◆ **Exercise**: Give back each entry word for word, but drop the images.

::: Data to use :::

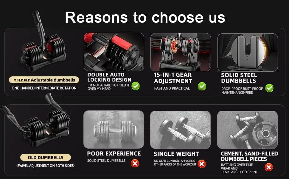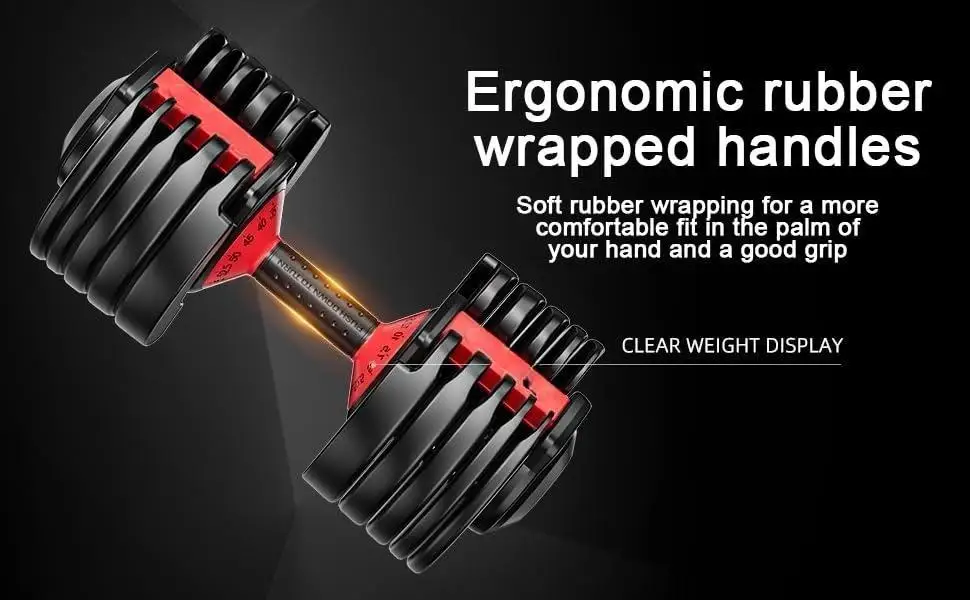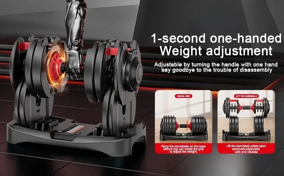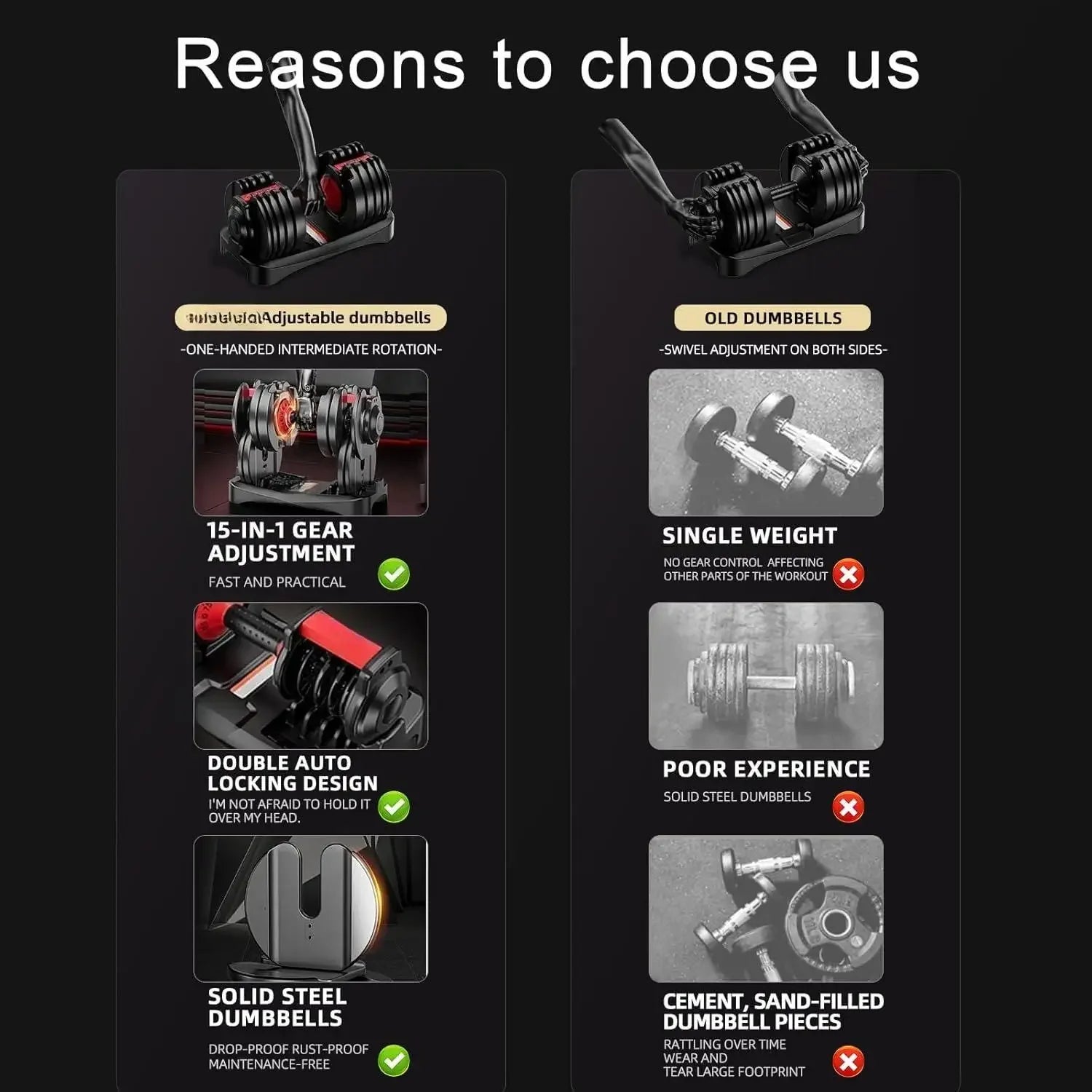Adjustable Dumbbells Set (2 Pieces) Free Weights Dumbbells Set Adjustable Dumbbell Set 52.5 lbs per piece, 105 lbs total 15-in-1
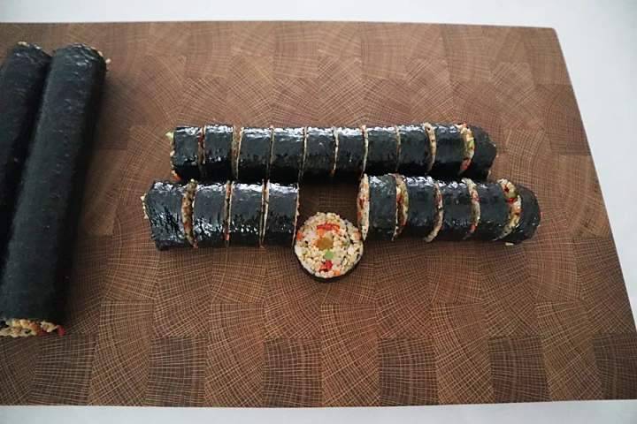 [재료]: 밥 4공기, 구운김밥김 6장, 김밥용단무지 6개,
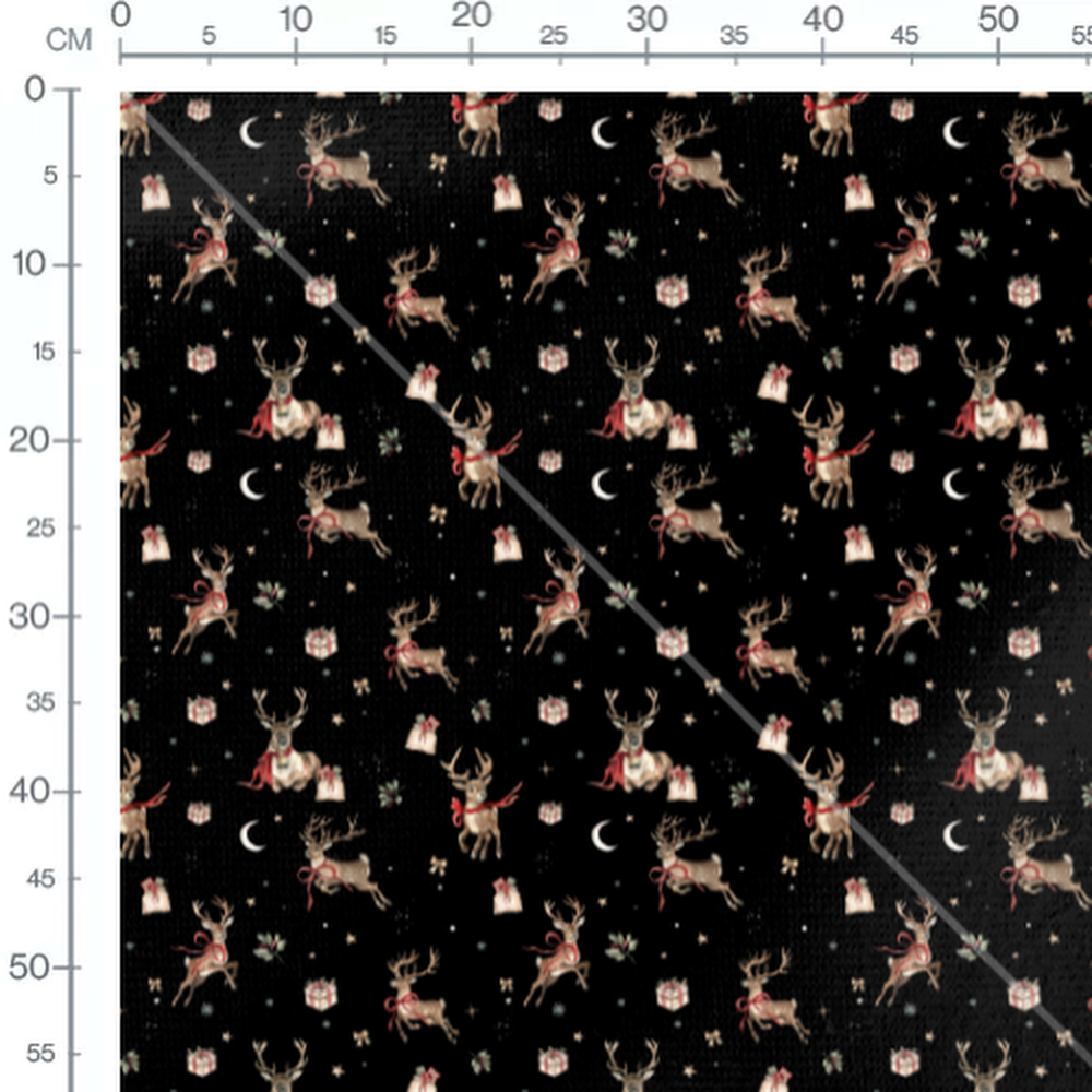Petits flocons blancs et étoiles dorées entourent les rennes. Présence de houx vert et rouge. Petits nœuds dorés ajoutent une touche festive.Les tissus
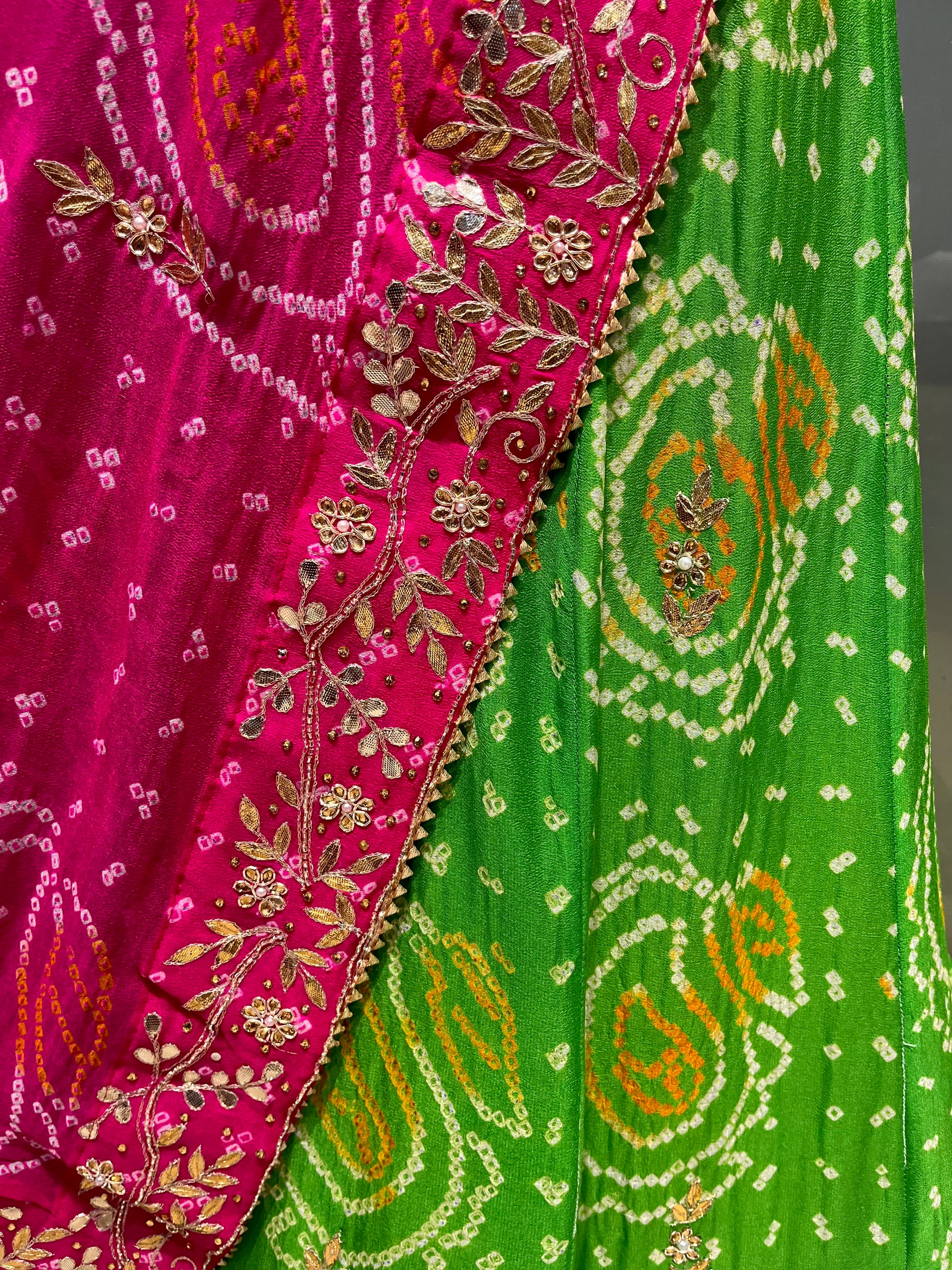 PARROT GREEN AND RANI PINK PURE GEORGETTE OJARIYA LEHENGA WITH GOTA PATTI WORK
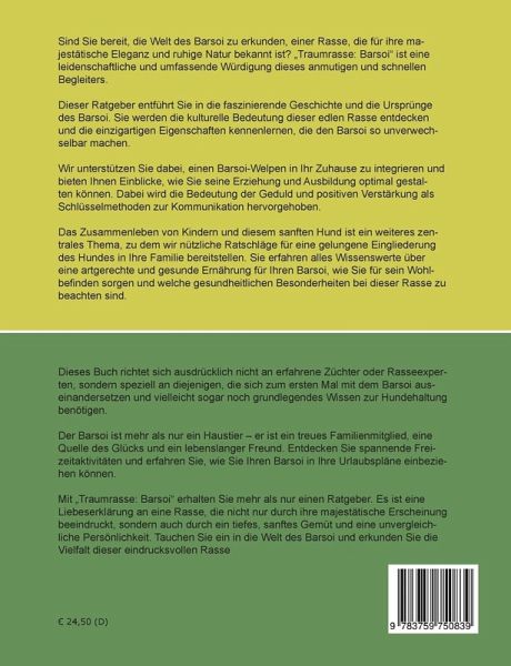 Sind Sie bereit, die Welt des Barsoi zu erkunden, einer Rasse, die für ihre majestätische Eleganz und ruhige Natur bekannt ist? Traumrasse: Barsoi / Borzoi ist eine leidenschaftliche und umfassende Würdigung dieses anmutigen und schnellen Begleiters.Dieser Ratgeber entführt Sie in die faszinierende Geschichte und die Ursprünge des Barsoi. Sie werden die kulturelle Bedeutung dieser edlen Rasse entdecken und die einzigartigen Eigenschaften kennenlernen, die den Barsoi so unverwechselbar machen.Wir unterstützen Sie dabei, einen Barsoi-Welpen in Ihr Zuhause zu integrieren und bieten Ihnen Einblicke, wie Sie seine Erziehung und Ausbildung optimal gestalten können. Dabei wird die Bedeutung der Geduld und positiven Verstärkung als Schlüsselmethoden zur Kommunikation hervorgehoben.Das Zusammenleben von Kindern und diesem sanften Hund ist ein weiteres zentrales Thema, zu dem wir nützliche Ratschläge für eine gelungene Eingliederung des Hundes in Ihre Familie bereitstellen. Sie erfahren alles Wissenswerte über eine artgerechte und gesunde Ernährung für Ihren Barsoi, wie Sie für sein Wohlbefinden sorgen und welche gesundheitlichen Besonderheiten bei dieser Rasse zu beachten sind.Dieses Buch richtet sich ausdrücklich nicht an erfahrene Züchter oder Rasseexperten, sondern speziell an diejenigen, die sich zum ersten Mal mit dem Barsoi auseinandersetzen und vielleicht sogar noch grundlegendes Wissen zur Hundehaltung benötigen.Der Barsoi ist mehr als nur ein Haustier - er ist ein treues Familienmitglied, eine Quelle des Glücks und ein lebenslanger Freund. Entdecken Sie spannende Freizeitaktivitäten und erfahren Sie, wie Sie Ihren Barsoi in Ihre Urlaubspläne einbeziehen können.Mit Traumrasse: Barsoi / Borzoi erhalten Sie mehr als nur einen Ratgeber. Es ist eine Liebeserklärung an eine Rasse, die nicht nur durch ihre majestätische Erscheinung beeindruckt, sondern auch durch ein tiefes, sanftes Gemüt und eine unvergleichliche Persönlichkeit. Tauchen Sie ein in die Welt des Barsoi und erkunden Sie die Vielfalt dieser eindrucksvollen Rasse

:::

◆ **Result**:
Adjustable Dumbbells Set (2 Pieces) Free Weights Dumbbells Set Adjustable Dumbbell Set 52.5 lbs per piece, 105 lbs total 15-in-1
 [재료]: 밥 4공기, 구운김밥김 6장, 김밥용단무지 6개,
Petits flocons blancs et étoiles dorées entourent les rennes. Présence de houx vert et rouge. Petits nœuds dorés ajoutent une touche festive.Les tissus
 PARROT GREEN AND RANI PINK PURE GEORGETTE OJARIYA LEHENGA WITH GOTA PATTI WORK
 Sind Sie bereit, die Welt des Barsoi zu erkunden, einer Rasse, die für ihre majestätische Eleganz und ruhige Natur bekannt ist? Traumrasse: Barsoi / Borzoi ist eine leidenschaftliche und umfassende Würdigung dieses anmutigen und schnellen Begleiters.Dieser Ratgeber entführt Sie in die faszinierende Geschichte und die Ursprünge des Barsoi. Sie werden die kulturelle Bedeutung dieser edlen Rasse entdecken und die einzigartigen Eigenschaften kennenlernen, die den Barsoi so unverwechselbar machen.Wir unterstützen Sie dabei, einen Barsoi-Welpen in Ihr Zuhause zu integrieren und bieten Ihnen Einblicke, wie Sie seine Erziehung und Ausbildung optimal gestalten können. Dabei wird die Bedeutung der Geduld und positiven Verstärkung als Schlüsselmethoden zur Kommunikation hervorgehoben.Das Zusammenleben von Kindern und diesem sanften Hund ist ein weiteres zentrales Thema, zu dem wir nützliche Ratschläge für eine gelungene Eingliederung des Hundes in Ihre Familie bereitstellen. Sie erfahren alles Wissenswerte über eine artgerechte und gesunde Ernährung für Ihren Barsoi, wie Sie für sein Wohlbefinden sorgen und welche gesundheitlichen Besonderheiten bei dieser Rasse zu beachten sind.Dieses Buch richtet sich ausdrücklich nicht an erfahrene Züchter oder Rasseexperten, sondern speziell an diejenigen, die sich zum ersten Mal mit dem Barsoi auseinandersetzen und vielleicht sogar noch grundlegendes Wissen zur Hundehaltung benötigen.Der Barsoi ist mehr als nur ein Haustier - er ist ein treues Familienmitglied, eine Quelle des Glücks und ein lebenslanger Freund. Entdecken Sie spannende Freizeitaktivitäten und erfahren Sie, wie Sie Ihren Barsoi in Ihre Urlaubspläne einbeziehen können.Mit Traumrasse: Barsoi / Borzoi erhalten Sie mehr als nur einen Ratgeber. Es ist eine Liebeserklärung an eine Rasse, die nicht nur durch ihre majestätische Erscheinung beeindruckt, sondern auch durch ein tiefes, sanftes Gemüt und eine unvergleichliche Persönlichkeit. Tauchen Sie ein in die Welt des Barsoi und erkunden Sie die Vielfalt dieser eindrucksvollen Rasse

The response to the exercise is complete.